The X9241A will respond with an acknowledge after
recognition of a start condition and its slave address and
once again after successful receipt of the command byte. If
the command is followed by a data byte the X9241A will
respond with a final acknowledge.
Array Description
The X9241A is comprised of four resistor arrays. Each array
contains 63 discrete resistive segments that are connected
in series. The physical ends of each array are equivalent to
the fixed terminals of a mechanical potentiometer (VH/RH
and VL/RL inputs).
At both ends of each array and between each resistor
segment is a FET switch connected to the wiper (VW/RW)
output. Within each individual array only one switch may be
turned on at a time. These switches are controlled by the
Wiper Counter Register (WCR). The six least significant bits
of the WCR are decoded to select, and enable, one of sixty-
four switches.
The WCR may be written directly, or it can be changed by
transferring the contents of one of four associated Data
Registers into the WCR. These Data Registers and the WCR
can be read and written by the host system.
Device Addressing
Following a start condition the master must output the
address of the slave it is accessing. The most significant four
bits of the slave address are the device type identifier (refer
to Figure 1 below). For the X9241A this is fixed as 0101[B].

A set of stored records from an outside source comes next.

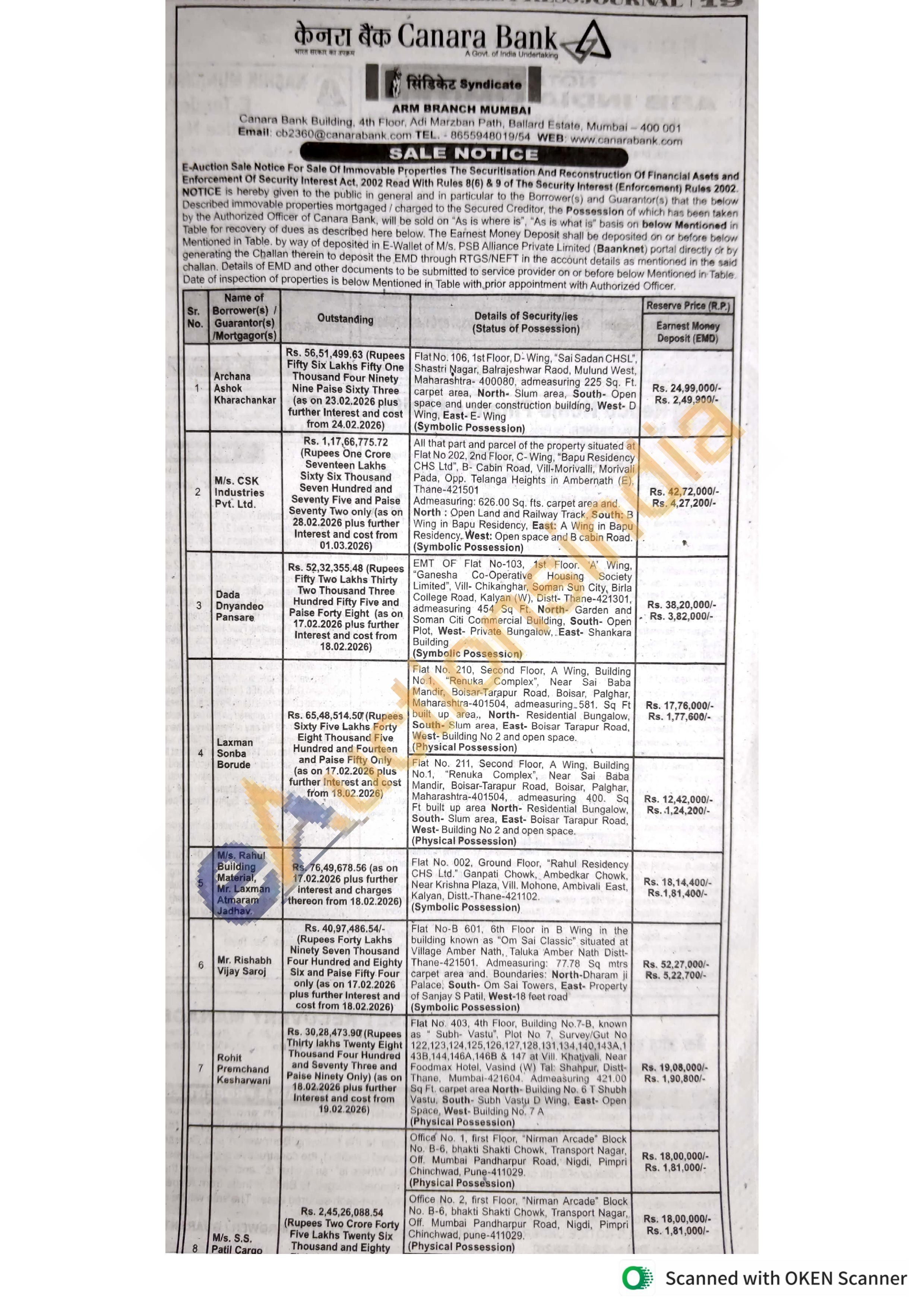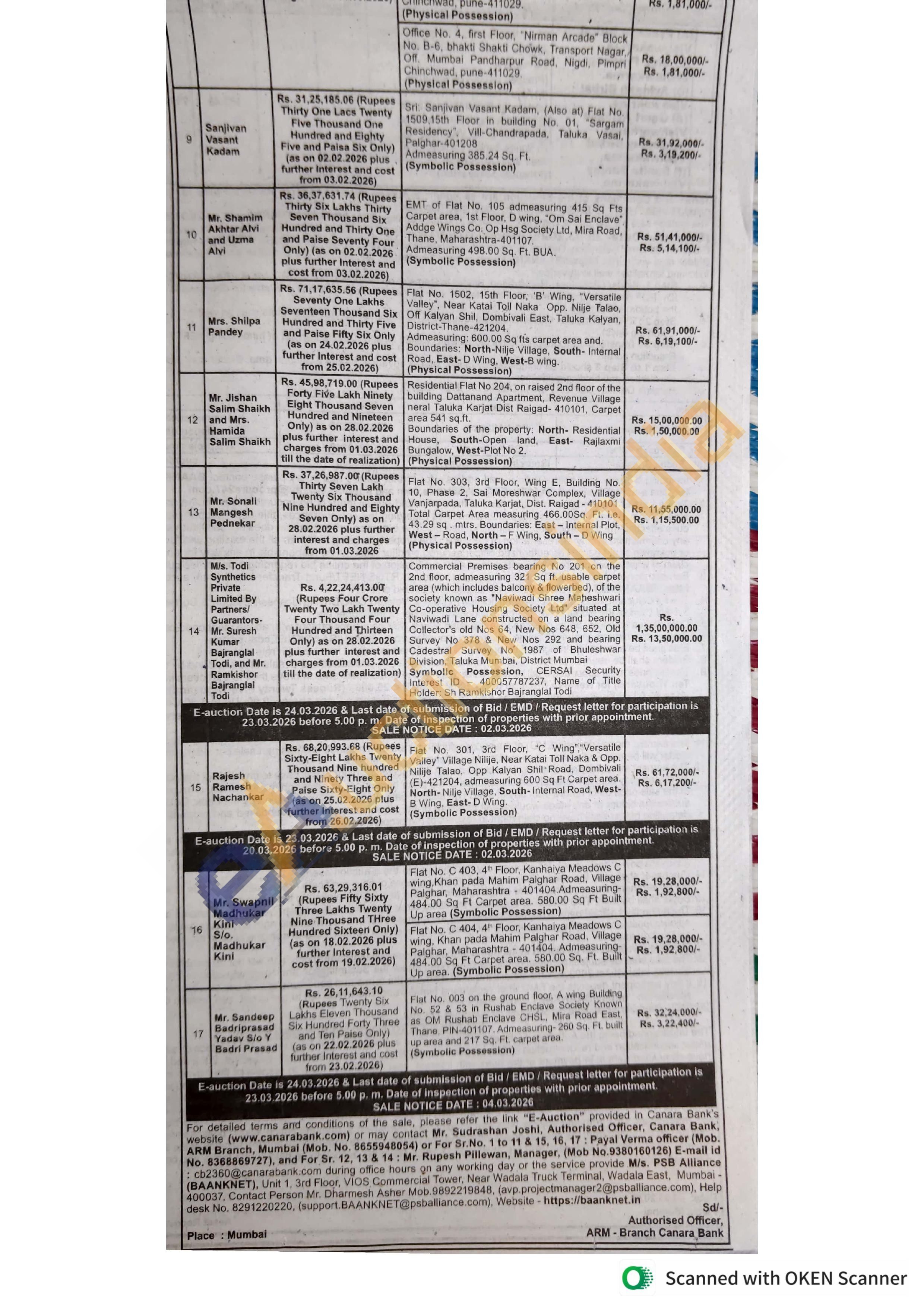Sri: Sanjivan Vasant Kadam, (Also at) Flat No. 1509,15th Floor in building No. 01, "Sargam Residency, Vill-Chandrapada, Taluka Vasal, Palghar-401208 Admeasuring 385.24 Sq. Ft.
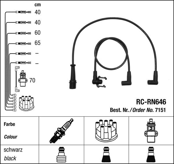 Prvotřídní kvalita NGK v provedení měděného zapalovacího kabelu s odrušovacími rezistory, kabelu s uhlíkovými rezistory nebo zapalovacího kabelu s indukčními rezistory.
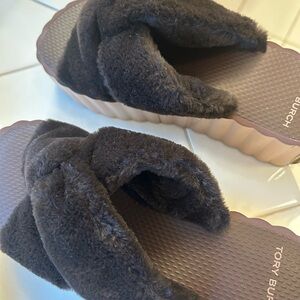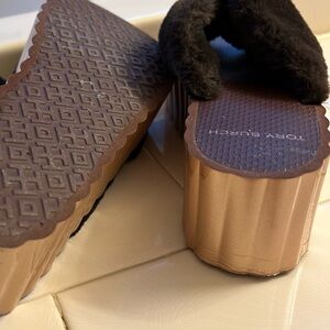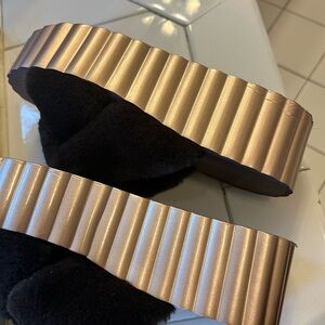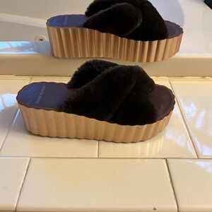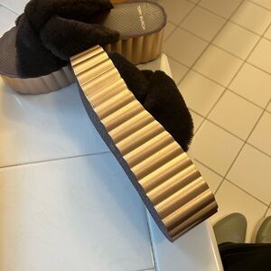 Funky and comfortable slides . Color brown furry material with really trendy soles. Gold and edgy..
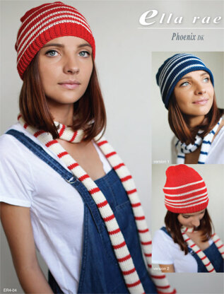 Striped Scarf and Beanie Set in Ella Rae Phoenix DK - ER4-04 - Downloadable PDF
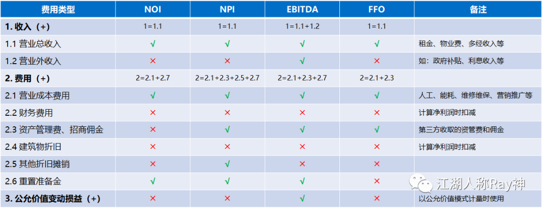 當然,與NOI類似的指標還有EBITDA、NPI、FFO等。國內目前用EBITDA比較多,凱德和一些香港的基金用NPI、REITs拆分股息看FFO。嚴格起來講,這些指標在具體的費用考慮上還是略有差別。但圍繞資產價值的角度來看,NOI更體現了來自資產經營所產生的收益,因而在國際上資管領域的應用更加廣泛。

The next four bits of the slave address are the device
address. The physical device address is defined by the state
of the A0-A3 inputs. The X9241A compares the serial data
stream with the address input state; a successful compare of
all four address bits is required for the X9241A to respond
with an acknowledge.
Acknowledge Polling
The disabling of the inputs, during the internal nonvolatile
write operation, can be used to take advantage of the typical
5ms EEPROM write cycle time. Once the stop condition is
issued to indicate the end of the nonvolatile write command
the X9241A initiates the internal write cycle. ACK polling can
be initiated immediately. This involves issuing the start
condition followed by the device slave address. If the
X9241A is still busy with the write operation no ACK will be
returned. If the X9241A has completed the write operation
an ACK will be returned and the master can then proceed
with the next operation.
10 0 A3 A2 A1 A0
Device Type
Identifier
Device Address
1
FIGURE 1. SLAVE ADDRESS
X9241A
5FN8164.1
September 15, 2005
Flow 1. ACK Polling Sequence
Instruction Structure
The next byte sent to the X9241A contains the instruction
and register pointer information. The four most significant
bits are the instruction. The next four bits point to one of four
pots and when applicable they point to one of four
associated registers. The format is shown below in Figure 2.
The four high order bits define the instruction. The next two
bits (P1 and P0) select which one of the four potentiometers
is to be affected by the instruction. The last two bits (R1 and
R0) select one of the four registers that is to be acted upon
when a register oriented instruction is issued.
Four of the nine instructions end with the transmission of the
instruction byte. The basic sequence is illustrated in Figure
3. These two-byte instructions exchange data between the
WCR and one of the data registers. A transfer from a Data
Register to a WCR is essentially a write to a static RAM. The
response of the wiper to this action will be delayed tSTPWV.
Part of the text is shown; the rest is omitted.